Task Schedule
Time Limit: 2000/1000 MS (Java/Others) Memory Limit: 65536/32768 K (Java/Others)
Total Submission(s): 4617 Accepted Submission(s): 1513
Problem Description
Our geometry princess XMM has stoped her study in computational geometry to concentrate on her newly opened factory. Her factory has introduced M new machines in order to process the coming N tasks. For the i-th task, the factory
has to start processing it at or after day Si, process it for Pi days, and finish the task before or at day Ei. A machine can only work on one task at a time, and each task can be processed by at most one machine at a time. However, a task can be interrupted
and processed on different machines on different days.

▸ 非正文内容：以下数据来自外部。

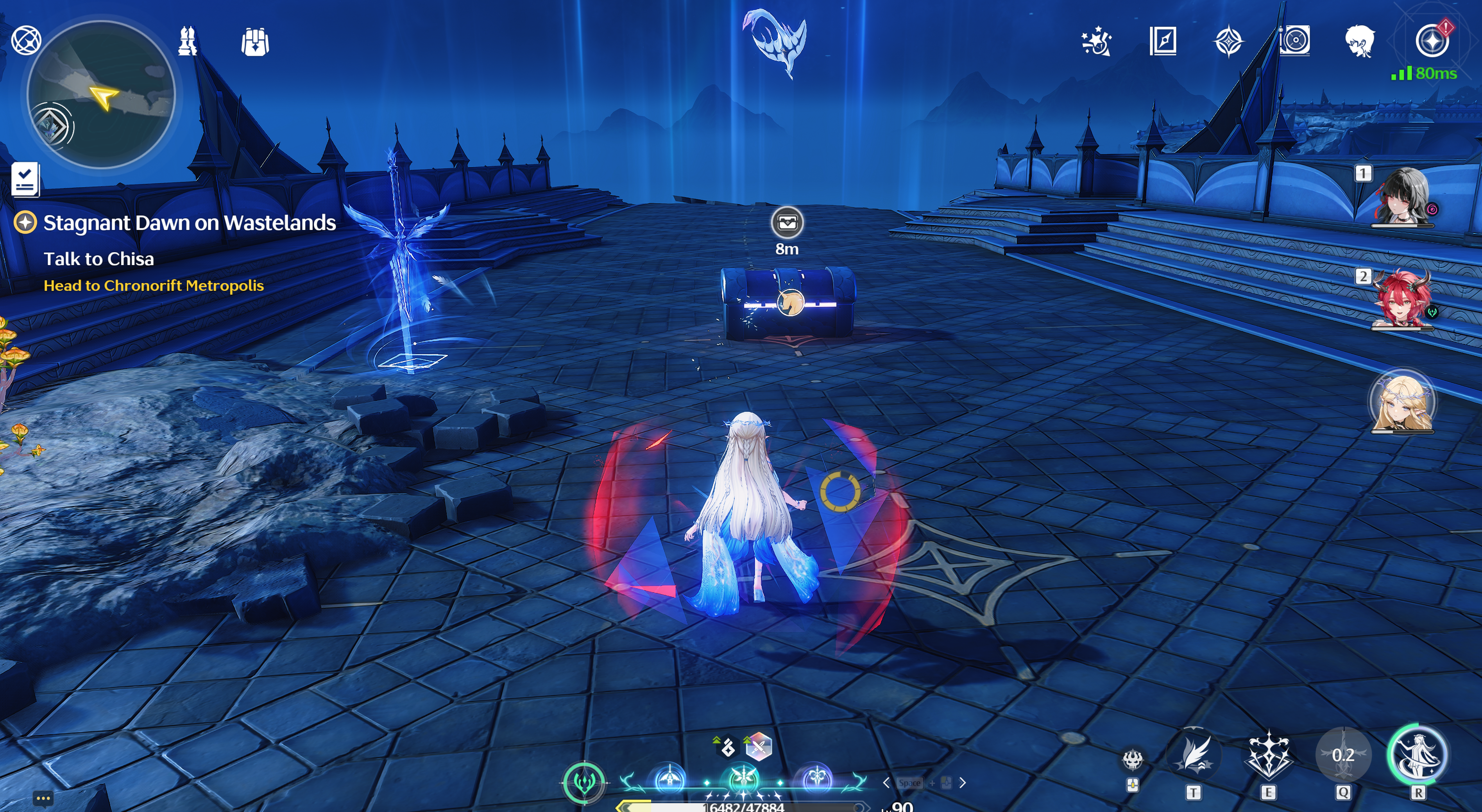 На этом мосте. Сначала встаешь вот где-то сюда (пик 3) Внезапо появляются призрачные стрелки и хуярят тебя электрострелами, нужно пробегать мимо них и уклонятся. Бежишь до места (пик 2) там появляется призрачный дуэлист. Сражаешься с ним, побеждаешь - получаешь сундук.
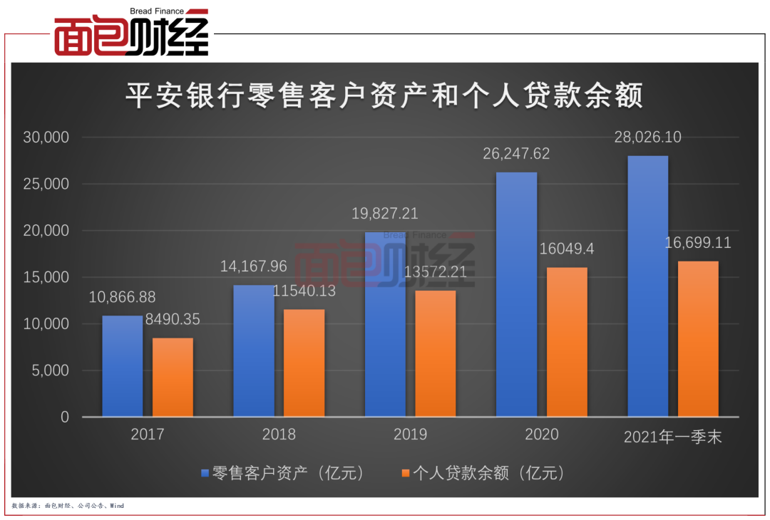 整體業績的增長與該行近幾年持續的零售轉型不無關系。截至2021年3月末,該行管理的零售客戶資產(AUM)達28,026.10億元,較上年末增長6.8%;零售客戶數11,039.94萬戶,較上年末增長3.0%。
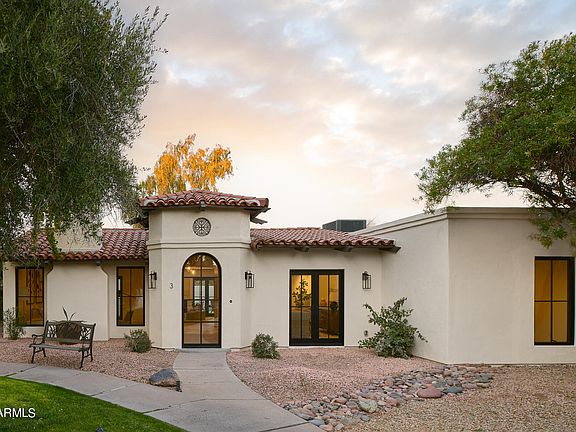 Tucked away from traffic, yet close to the attractions of Scottsdale and the luxury resorts of Paradise Valley, including the new Ritz Carlton, this completely redone property is a lovely mix of beauty, warmth and contemporary clean lines. The design harkens back to Arizona's Southwest roots with earthy textures of Saltillo tile, wood and natural stone. New windows and doors usher in soft sunlight to the newly imagined interior spaces. An opened-up kitchen is the heart of the home, with porcelain countertops and enchanting breakfast nook. Original wood-burning fireplaces in the living room and den/3rd bedroom mean evenings with mesquite wood crackling in a cozy fire. Private patio spaces invite you to lounge in the warmth of spring in the desert. This is what Arizona living is all about.
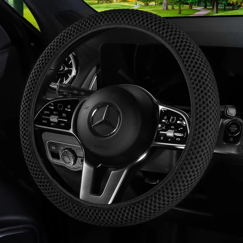1PC Cloth Mesh Car Steering Wheel Cover No Inner Ring Universal Fit Most Cars Anti-Slip Wear-Resistant Automotive Accessories
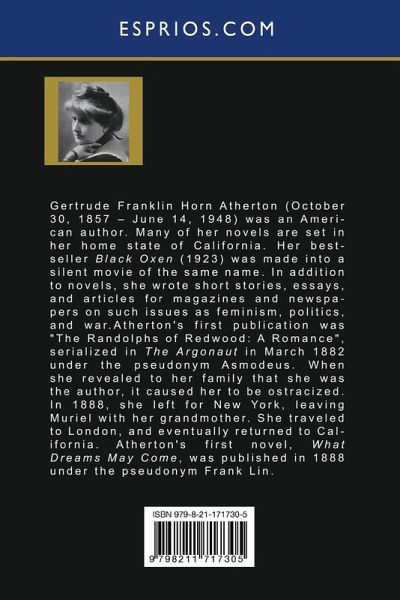 Gertrude Franklin Horn Atherton (October 30, 1857 - June 14, 1948) was an American author. Many of her novels are set in her home state of California. Her bestseller Black Oxen (1923) was made into a silent movie of the same name. In addition to novels, she wrote short stories, essays, and articles for magazines and newspapers on such issues as feminism, politics, and war. Atherton's first publication was "The Randolphs of Redwood: A Romance", serialized in The Argonaut in March 1882 under the pseudonym Asmodeus. When she revealed to her family that she was the author, it caused her to be ostracized. In 1888, she left for New York, leaving Muriel with her grandmother. She traveled to London, and eventually returned to California. Atherton's first novel, What Dreams May Come, was published in 1888 under the pseudonym Frank Lin.
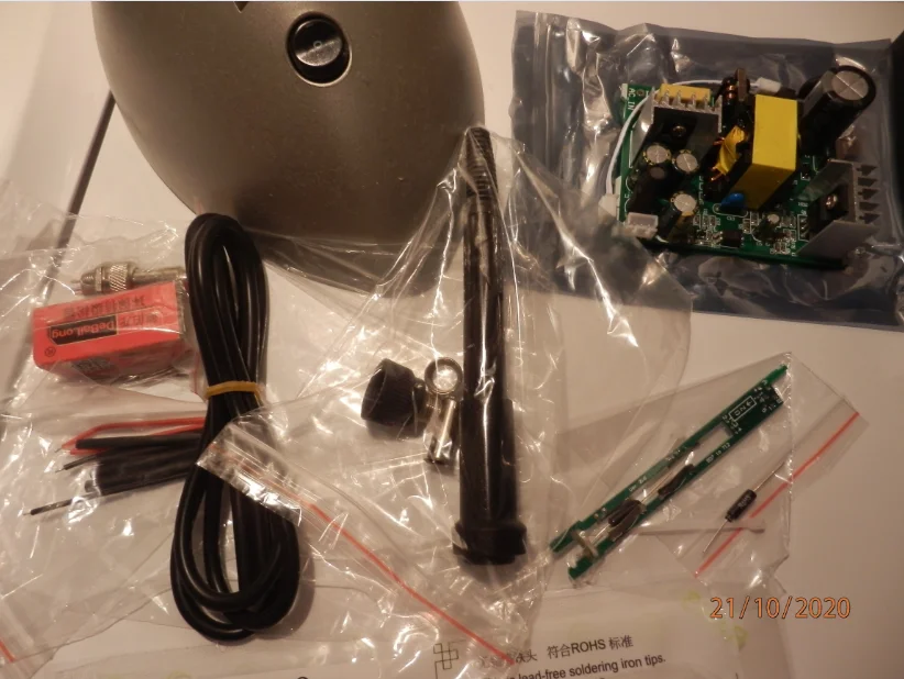 Полученный комплект полностью соответствует описанию, получен через 12 дней после заказа. Запасной датчик прилагается. Отличный паяльная станция, качественные комплектующие, собирается легко. Планирую еще заказать дополнительные жала.
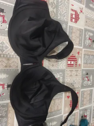 Sujetador de mujer de color negro. Marca: Oysho.Sin aros. Tejido muy confortable. - Diseño con copas. - Tirantes ajustables. - Cierre de corchetes. Usado en el embarazo. En buen estado.

Now she wonders whether he has a feasible schedule to finish all the tasks in time. She turns to you for help.
Input
On the first line comes an integer T(T<=20), indicating the number of test cases.
You are given two integer N(N<=500) and M(M<=200) on the first line of each test case. Then on each of next N lines are three integers Pi, Si and Ei (1<=Pi, Si, Ei<=500), which have the meaning described in the description. It is guaranteed that in a feasible
schedule every task that can be finished will be done before or at its end day.
Output
For each test case, print “Case x: ” first, where x is the case number. If there exists a feasible schedule to finish all the tasks, print “Yes”, otherwise print “No”.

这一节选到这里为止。